2 Role The Documentation Agent
jbr870 edited this page 2026-04-30 10:13:26 +00:00
Status Last updated Parent Read before this
incomplete 2026-04-30
Design - Architecture Overview
Design - Wiki Layer

The Documentation Agent

The agent population that maintains the wiki. Not yet implemented. Several open questions remain — see below.

Current state

The doc agent is a separate population from Role - Coding Harness Agents. Its mental model is component knowledge, not feature work. It reads from the queue of issues in pending-docs state on the consuming project and updates the relevant component or module pages.

Settled design points:

  • One agent, no concurrency conflicts. The doc agent runs serially against the queue. No SLA — if it falls behind, the queue grows but nothing breaks.
  • Maintenance, not summarization. The agent's primary job is updating existing pages. New pages are created only when a feature introduces a genuinely new component or module.
  • Reads closed issues, writes wiki. Coding harness agents write to issues only; the doc agent reads issues and writes the wiki. Neither agent population holds both mental models simultaneously.
  • Reader's prompt shape. "This feature changed the system; what pages need updating, and is there anything new enough to need its own page?" Valid output includes "nothing — bug fix, no behavioral change."

Rationale

Keeping the doc agent separate from coding harness agents prevents the wiki from drifting into per-feature changelogs. A /closeout skill that could write to the wiki would be tempted to summarise every feature there. The doc agent's job description — "edit existing component pages where possible" — is what enforces the Design - Wiki Layer.

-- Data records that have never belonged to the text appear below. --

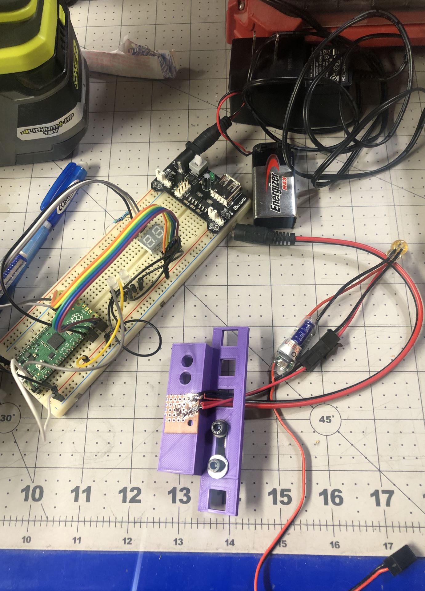 Building the Pure bracket was interesting, and if I needed to do it over again, I'd do it differently. the molex connector is attached to the chunk of protoboard, and since it requires 12 volts, it also acts as the power ingress for the entire project. the LEDs and Scorpio board are driven off a 12 volt to 5 volt adapter (the blue thing next to the black connector to the right of the printed parts), and the bezel plugs in to the molex connector. (that was also a difficult part to source, because Molex has a hojillion different part numbers for a 2x2 connector.)
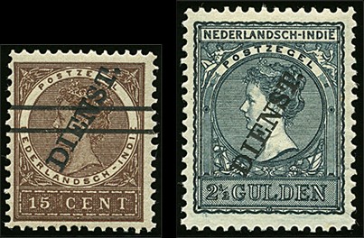 Dienst 8/27, cpl. postfrisse prachtserie, certificaat Bakker voor de nrs. 19a en 27 € 625
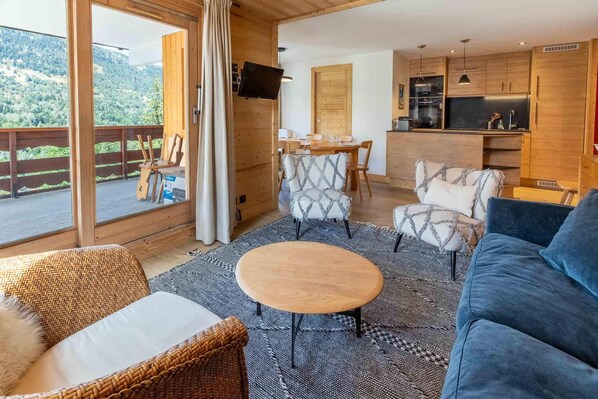 Cybèle 2 is a beautiful functional apartment that can accommodate 4 to 6 people. You will appreciate its location just above the resort center, a 5-minute walk from the tourist office and the slopes. The equipped kitchen opens onto the dining room, which is adjacent to the living room. The apartment has a bedroom with a double bed and another bedroom with bunk beds. Two bathrooms complete the apartment: one with a shower and the other with a bathtub. You will enjoy a beautiful view from the terrace and a small outdoor space.
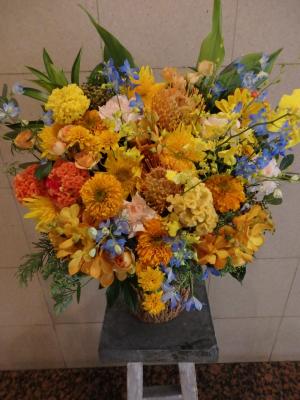 【お祝い花】プロにおまかせ アレンジメント「黄色・オレンジ系」3,850円
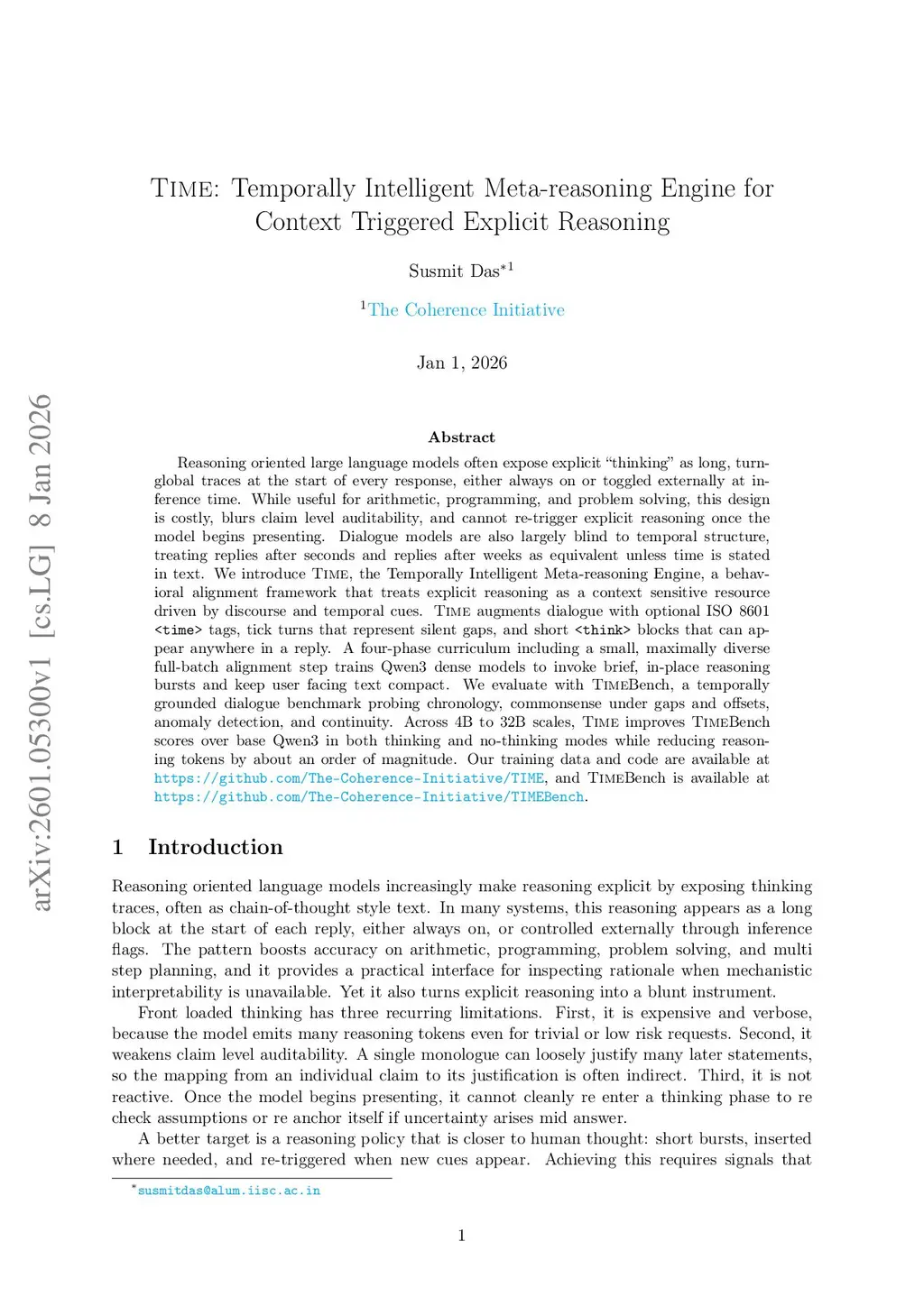 Reasoning oriented large language models often expose explicit "thinking" as long, turn-global traces at the start of every response, either always on or toggled externally at inference time. While useful for arithmetic, programming, and problem solving, this design is costly, blurs claim level auditability, and cannot re-trigger explicit reasoning once the model begins presenting. Dialogue models are also largely blind to temporal structure, treating replies after seconds and replies after weeks as equivalent unless time is stated in text. We introduce TIME, the Temporally Intelligent Meta-reasoning Engine, a behavioral alignment framework that treats explicit reasoning as a context sensitive resource driven by discourse and temporal cues. TIME augments dialogue with optional ISO 8601 <time> tags, tick turns that represent silent gaps, and short <think> blocks that can appear anywhere in a reply. A four-phase curriculum including a small, maximally diverse full-batch alignment step trains Qwen3 dense models to invoke brief, in-place reasoning bursts and keep user facing text compact. We evaluate with TIMEBench, a temporally grounded dialogue benchmark probing chronology, commonsense under gaps and offsets, anomaly detection, and continuity. Across 4B to 32B scales, TIME improves TIMEBench scores over base Qwen3 in both thinking and no-thinking modes while reducing reasoning tokens by about an order of magnitude. Our training data and code are available atthis https URLand TIMEBench is available atthis https URL
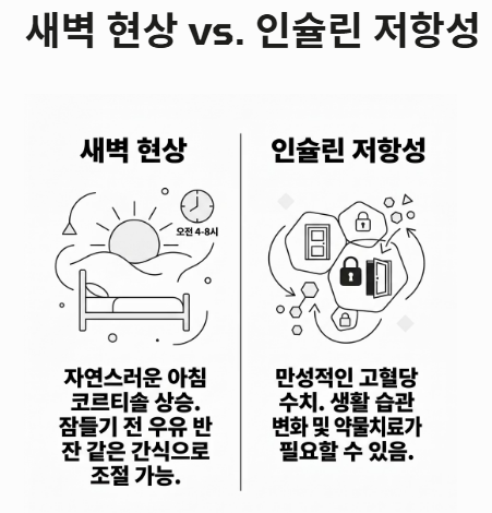 "아침에 눈을 뜨자마자 확인하는 혈당 수치, 기대와 달리 높게 찍힌 숫자를 보며 한숨 쉰 적이 있으신가요? 어제저녁에 식단 관리를 나름대로 잘했다고 생각했는데도 공복 혈당이 떨어지지 않는다면, 그것은 단순히 어제 먹은 음식의 문제가 아닐 수 있습니다. 우리 몸의 대사 시스템이 밤사이 어떤 일을 벌이고 있는지, 그 비밀을 풀지 못하면 아무리 굶어도 수치는 제자리걸음일 뿐입니다."
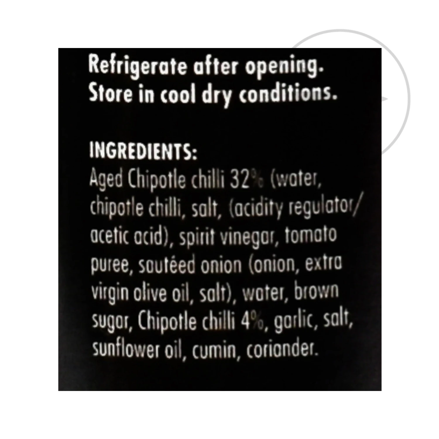 Ingredients: aged chipotle chilli (32%) (water, chipotle chilli, salt, acidity regulator: acetic acid), spirit vinegar, tomato puree, sautéed onion (onion, extra virgin olive oil, salt), water, brown sugar, chipotle chilli (4%), garlic, salt, sunflower oil, cumin, coriander.
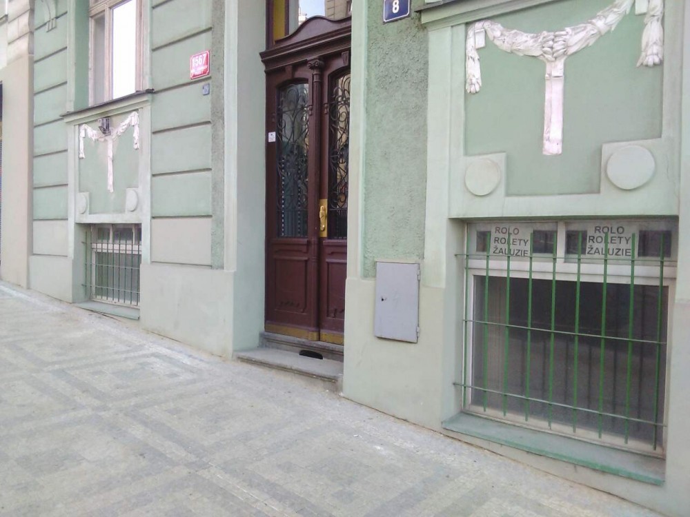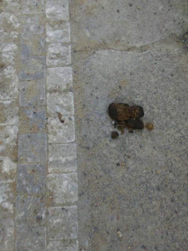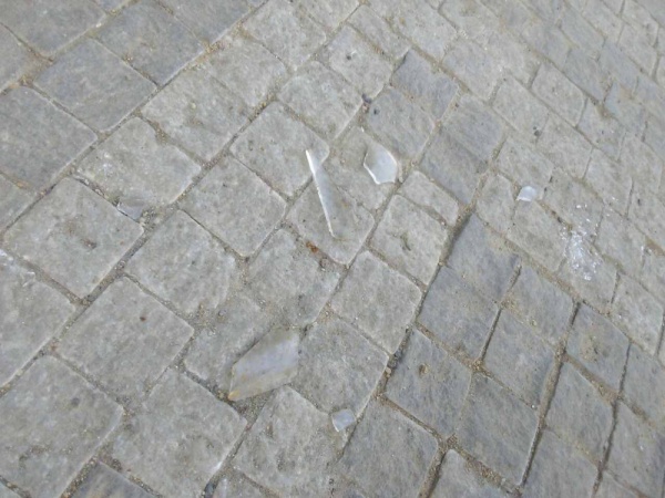 Pred domem vozova 8 je rozbite sklo + psi exkrementy v blizkosti tohoto mista.

Having no SLA reflects the reality that documentation isn't on the critical path for shipping. Features ship when QA passes and the orchestrator approves UAT; the wiki updates afterwards. Tying wiki freshness to ship cadence would create pressure to cut corners.

The single-agent constraint is a YAGNI choice. Concurrency would require coordination machinery (locks on pages, conflict resolution) that isn't worth building before there's a problem to solve. If volume becomes a real constraint, splitting by component area is the obvious next step.

Open questions

  • Canonical input. Approved PREQ + final PR description + changed files? Dev journals and validation reports are probably noise for the doc agent — they're learning fuel, not behaviour spec. The reader of a wiki page in six months doesn't care that a flaky test was fixed twice.
  • Approval gate. Likely yes; review proposed wiki edits before they land. The threshold and sampling model haven't been pinned down. The dormant Wiki Conventions - Governance Model is a candidate when activated.
  • Initial wiki taxonomy. Each consuming project's wiki needs an initial set of component pages before the doc agent can run. This is a human decision per project, not something the doc agent can bootstrap from nothing.
  • Integration point. Whether the doc agent runs as part of /closeout, as part of /integrate, as a post-merge hook, or as a standalone scheduled process — each has trade-offs and none are decided.
  • Closing-without-closing. If the doc agent operates on closed issues with a pending-docs label rather than open issues, the kanban's "Done" column reflects shipped-and-documented; if it operates on pending-docs while the issue is still open, the kanban reflects shipped-but-not-yet-documented. Both are defensible.